Тут наш разговор прервала телефонистка отеля, сообщив, что его вызывает Франкфурт.

– Пьер, подождите секунду на линии.

«Пьер, подождите секунду на линии», – и я повиновался, подождал, и, естественно, покорное ожидание момента, пока разговор возобновится, выставило меня еще большим посмешищем в собственных глазах, чем припоминание всего, что я наболтал во время нашей беседы. Надо было записать ее на диктофон, смекнул я, – тогда я получил бы улику, доказательство. Но доказательство чего?

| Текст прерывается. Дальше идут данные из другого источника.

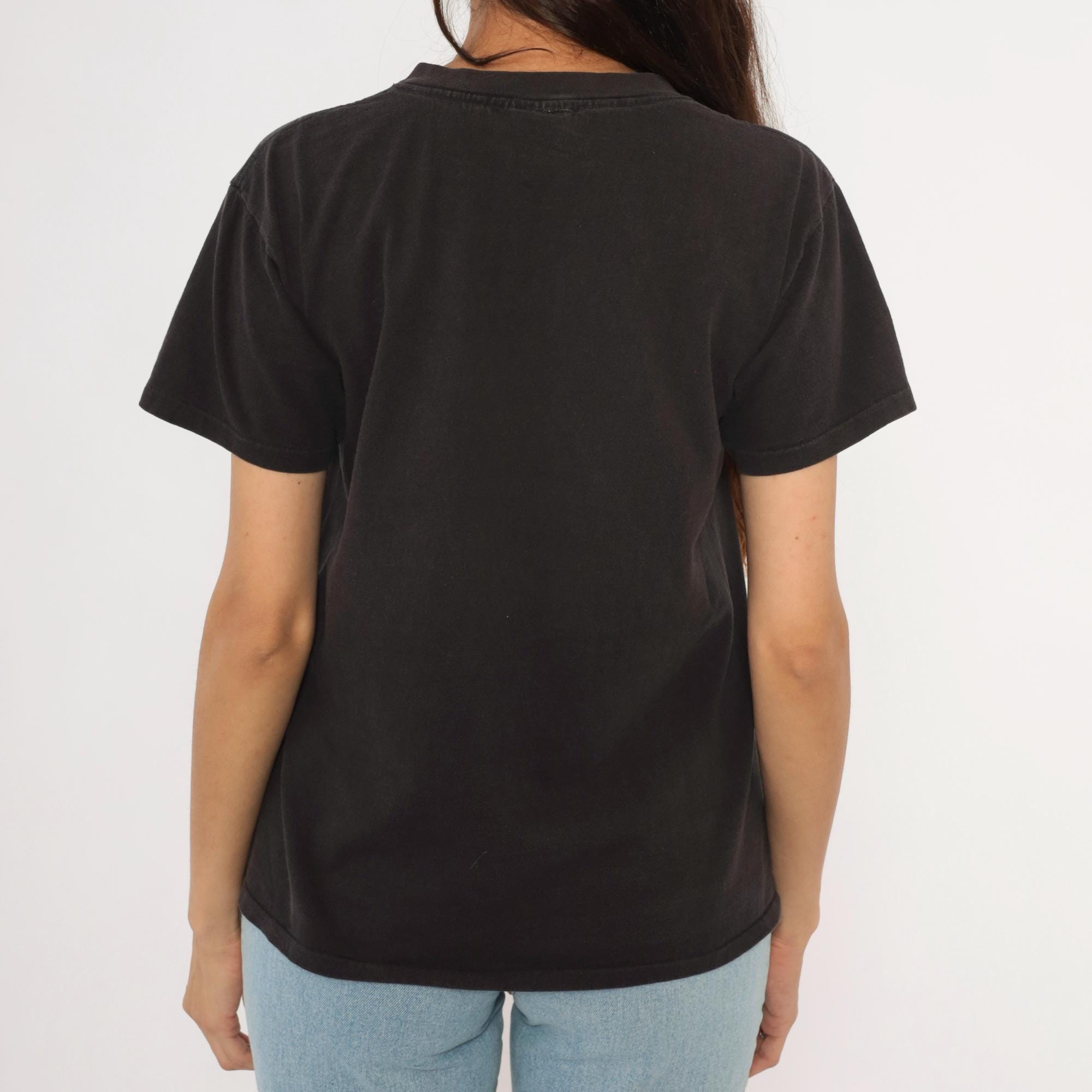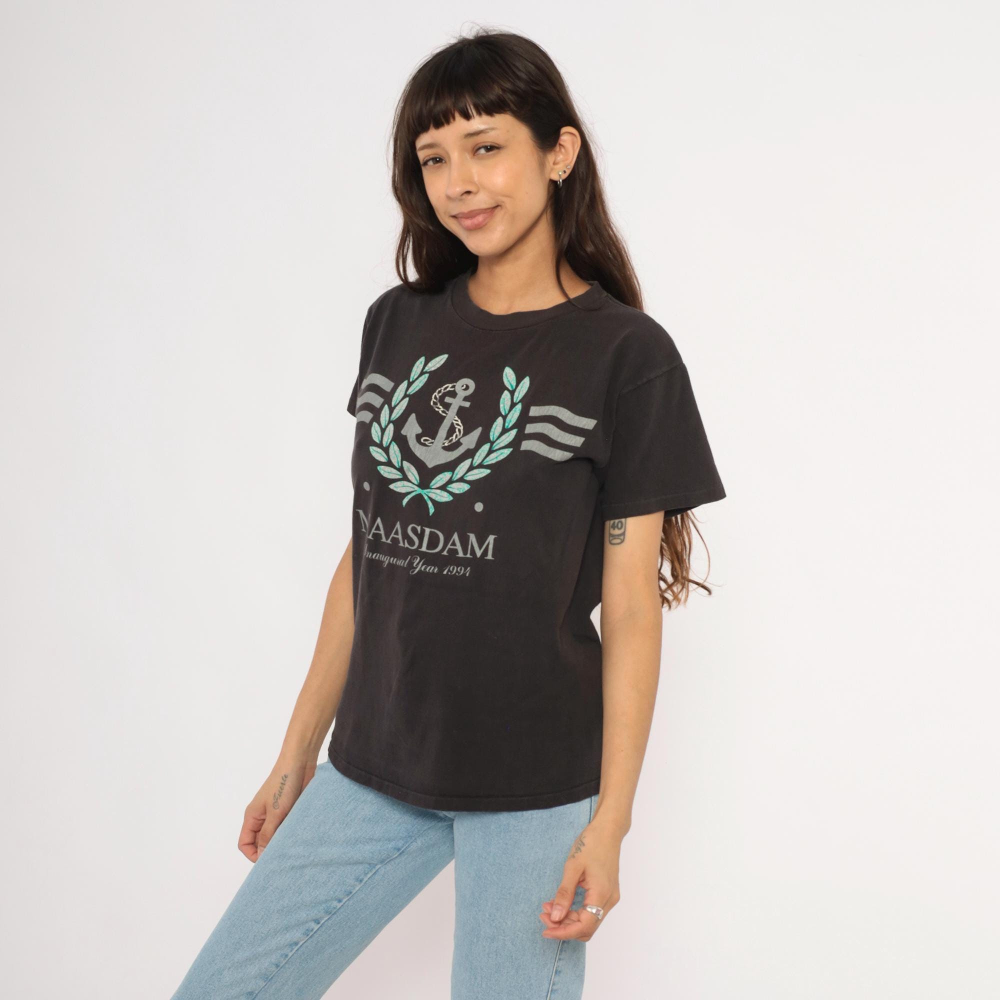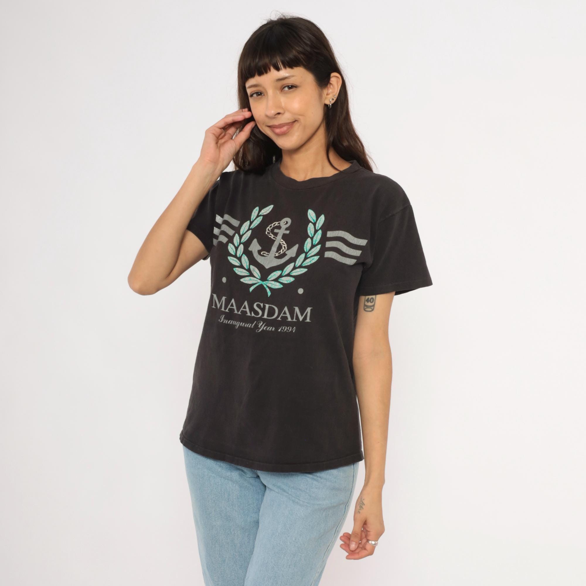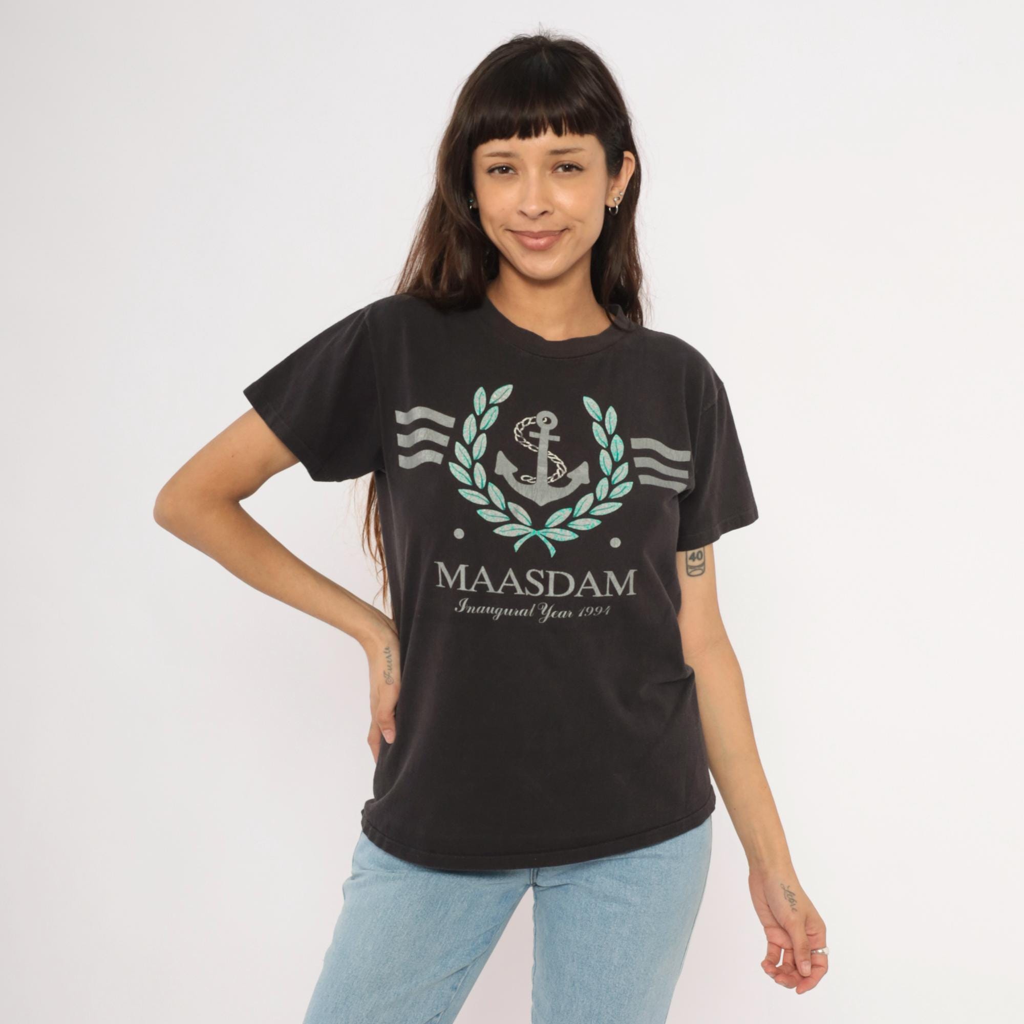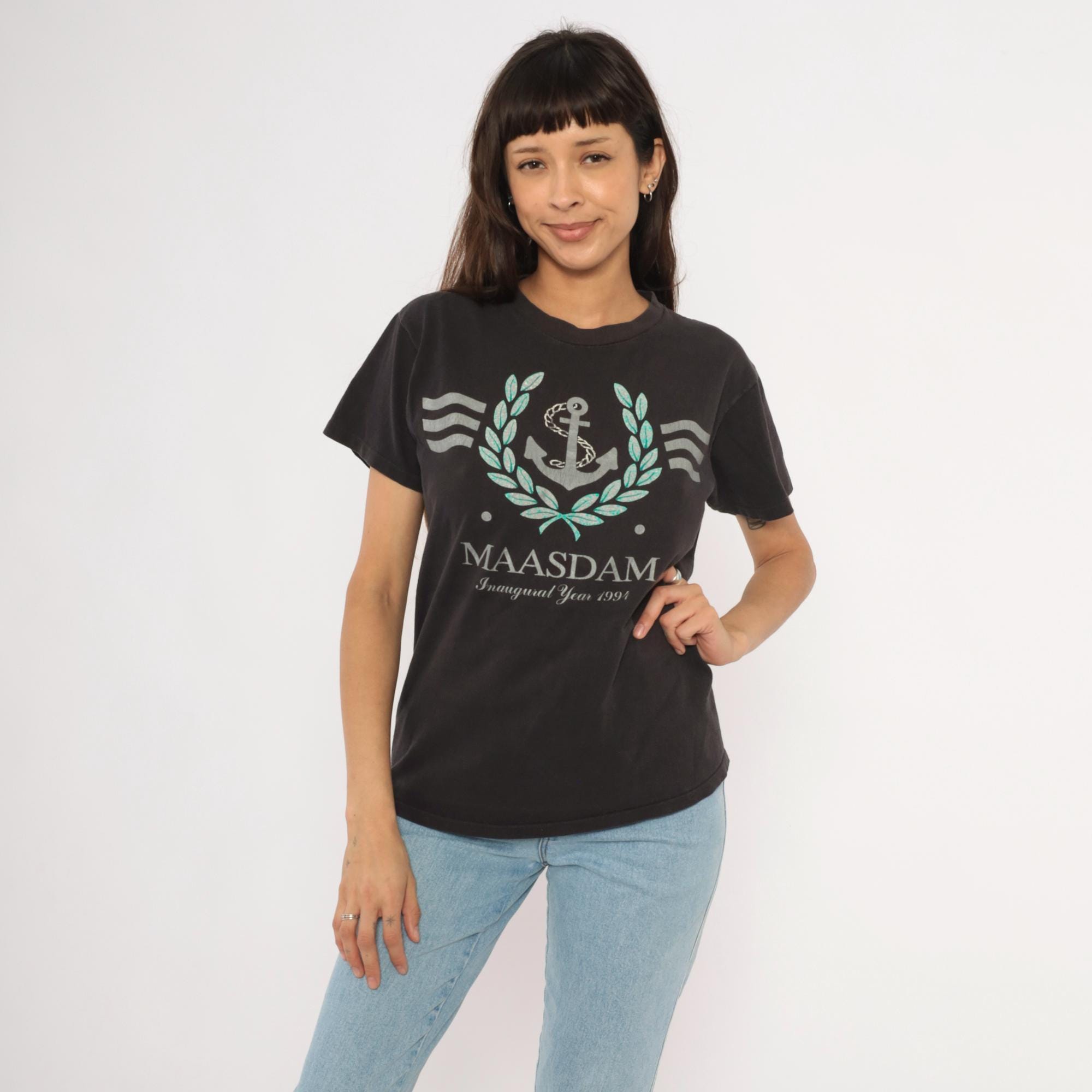 90s black graphic tee from Delta commemorating the MS Maasdam with "Inaugural Year 1993" printed below the ship name. Silver and teal anchor surrounded by a laurel wreath with wavy line accents on each side. Crew neckline, short sleeves, and a relaxed straight cut through the body.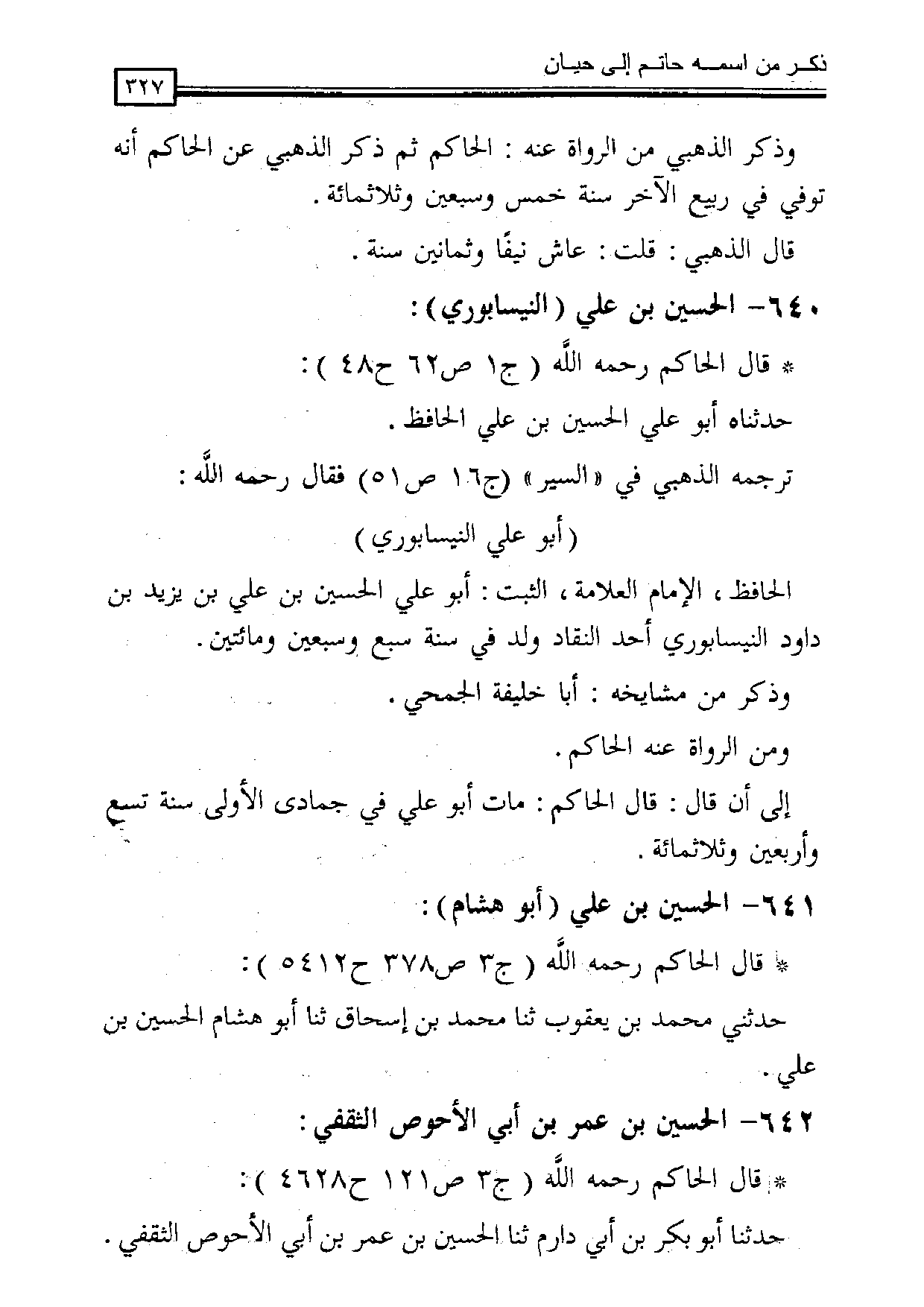 * قال الحاكم رحمه الله (ج 1 ص 62 ح 48):

Что он – это не я? Значит, это еще и требуется доказывать?

– Один ваш немецкий коллега, – сказал он, вернувшись к нашей беседе, – журналист из «Шпигеля». Вы должны меня извинить, теперь я распрощаюсь с вами, чтобы с ним поговорить. Он пытался дозвониться до меня несколько дней. Интервью было хорошее, сильное, вы задавали агрессивные и неудобные, но умные вопросы, и я вам за них благодарен.

– И все же еще один, последний неудобный вопрос. Скажите мне, пожалуйста, – спросил я, – они уже выстраиваются в очередь – румынские евреи, которым до смерти хочется обратно в Румынию Чаушеску? Они уже выстраиваются в очередь – польские евреи, которым до смерти хочется обратно в коммунистическую Польшу? А те русские, которые с огромными трудностями покидают СССР, – вы планируете разворачивать их в тель-авивском аэропорту и насильно сажать на ближайший обратный рейс на Москву? Оставим в стороне антисемитизм, но, как вы думаете, те, кто только что прибыл из этих ужасных мест, добровольно решат вернуться по одному слову Филипа Рота?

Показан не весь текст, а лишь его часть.